• _Task brief_:
Write out the whole listing below exactly, skipping each picture.

══ Data in this exercise

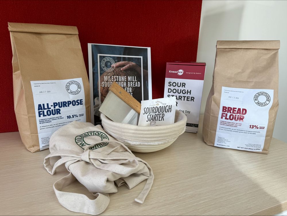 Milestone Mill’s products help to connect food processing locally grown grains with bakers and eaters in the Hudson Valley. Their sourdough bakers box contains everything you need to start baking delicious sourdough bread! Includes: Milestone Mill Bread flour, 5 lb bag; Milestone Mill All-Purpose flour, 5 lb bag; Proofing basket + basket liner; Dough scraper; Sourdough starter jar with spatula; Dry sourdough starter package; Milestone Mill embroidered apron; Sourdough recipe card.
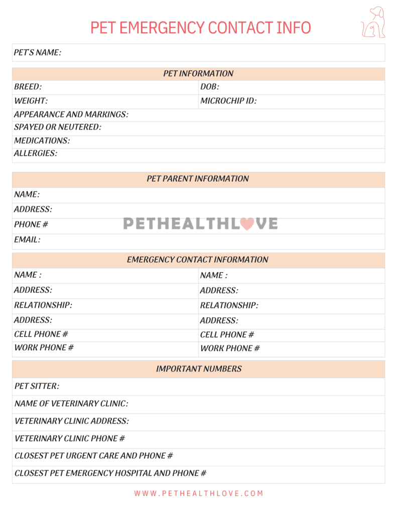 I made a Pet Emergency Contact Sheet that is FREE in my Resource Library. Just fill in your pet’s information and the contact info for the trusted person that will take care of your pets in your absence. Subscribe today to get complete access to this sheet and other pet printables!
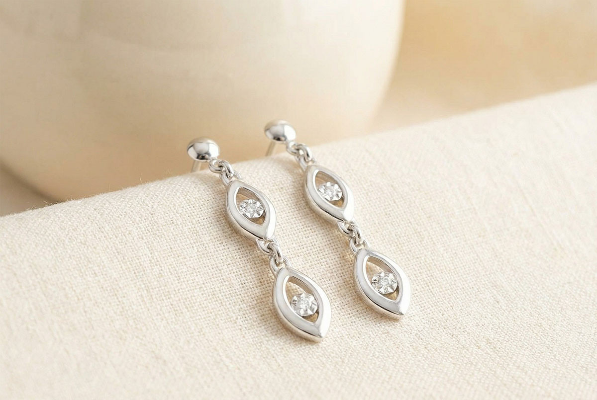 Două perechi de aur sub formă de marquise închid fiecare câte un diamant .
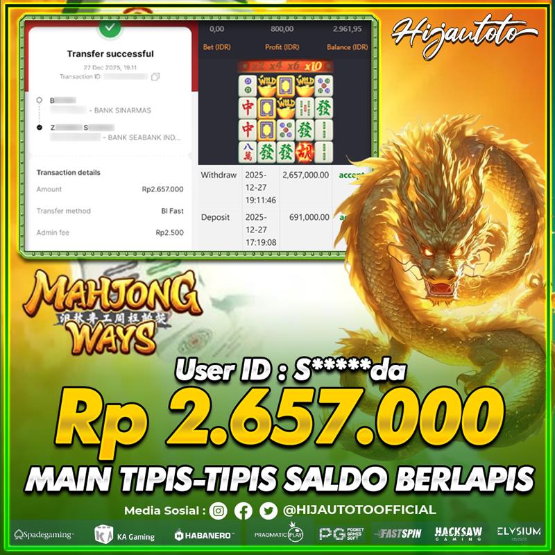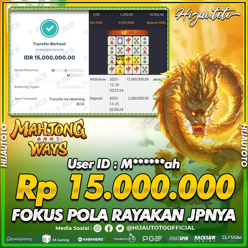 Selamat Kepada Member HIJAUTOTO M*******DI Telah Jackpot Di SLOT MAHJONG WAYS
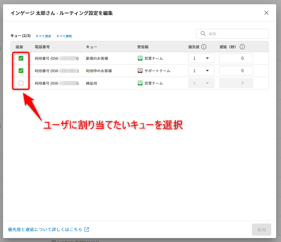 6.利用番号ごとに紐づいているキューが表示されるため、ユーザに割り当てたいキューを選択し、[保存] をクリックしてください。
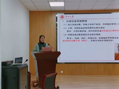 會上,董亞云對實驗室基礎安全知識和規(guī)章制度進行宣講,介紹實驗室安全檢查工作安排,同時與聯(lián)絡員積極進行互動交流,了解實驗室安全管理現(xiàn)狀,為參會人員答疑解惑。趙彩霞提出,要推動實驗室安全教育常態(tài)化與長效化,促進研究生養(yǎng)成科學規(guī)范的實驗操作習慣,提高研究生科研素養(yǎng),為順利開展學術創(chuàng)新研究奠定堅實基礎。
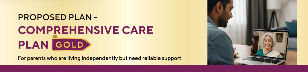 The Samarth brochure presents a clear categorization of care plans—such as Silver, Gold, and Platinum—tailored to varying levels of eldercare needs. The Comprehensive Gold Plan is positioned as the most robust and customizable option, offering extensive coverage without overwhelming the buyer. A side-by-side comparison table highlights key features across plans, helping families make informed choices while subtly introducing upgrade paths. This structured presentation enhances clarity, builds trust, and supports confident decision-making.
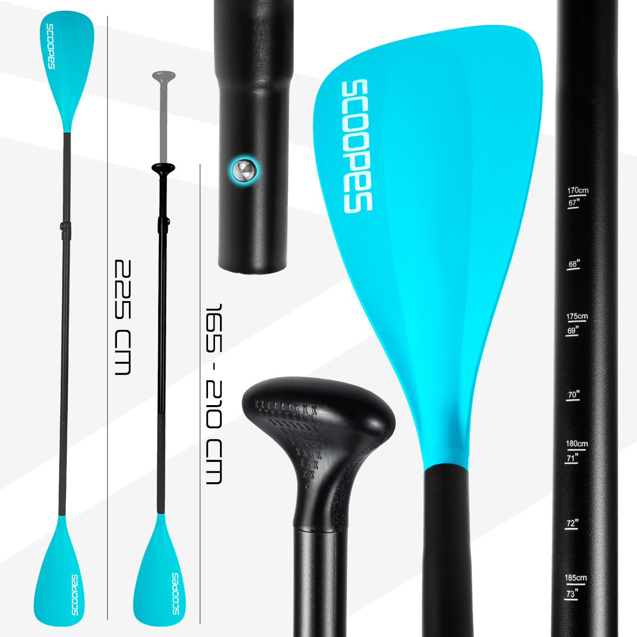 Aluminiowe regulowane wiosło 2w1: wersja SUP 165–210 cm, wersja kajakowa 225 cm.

════

• _Solution to this exercise_:
 Milestone Mill’s products help to connect food processing locally grown grains with bakers and eaters in the Hudson Valley. Their sourdough bakers box contains everything you need to start baking delicious sourdough bread! Includes: Milestone Mill Bread flour, 5 lb bag; Milestone Mill All-Purpose flour, 5 lb bag; Proofing basket + basket liner; Dough scraper; Sourdough starter jar with spatula; Dry sourdough starter package; Milestone Mill embroidered apron; Sourdough recipe card.
 I made a Pet Emergency Contact Sheet that is FREE in my Resource Library. Just fill in your pet’s information and the contact info for the trusted person that will take care of your pets in your absence. Subscribe today to get complete access to this sheet and other pet printables!
 Două perechi de aur sub formă de marquise închid fiecare câte un diamant .
 Selamat Kepada Member HIJAUTOTO M*******DI Telah Jackpot Di SLOT MAHJONG WAYS
 6.利用番号ごとに紐づいているキューが表示されるため、ユーザに割り当てたいキューを選択し、[保存] をクリックしてください。
 會上,董亞云對實驗室基礎安全知識和規(guī)章制度進行宣講,介紹實驗室安全檢查工作安排,同時與聯(lián)絡員積極進行互動交流,了解實驗室安全管理現(xiàn)狀,為參會人員答疑解惑。趙彩霞提出,要推動實驗室安全教育常態(tài)化與長效化,促進研究生養(yǎng)成科學規(guī)范的實驗操作習慣,提高研究生科研素養(yǎng),為順利開展學術創(chuàng)新研究奠定堅實基礎。
 The Samarth brochure presents a clear categorization of care plans—such as Silver, Gold, and Platinum—tailored to varying levels of eldercare needs. The Comprehensive Gold Plan is positioned as the most robust and customizable option, offering extensive coverage without overwhelming the buyer. A side-by-side comparison table highlights key features across plans, helping families make informed choices while subtly introducing upgrade paths. This structured presentation enhances clarity, builds trust, and supports confident decision-making.
 Aluminiowe regulowane wiosło 2w1: wersja SUP 165–210 cm, wersja kajakowa 225 cm.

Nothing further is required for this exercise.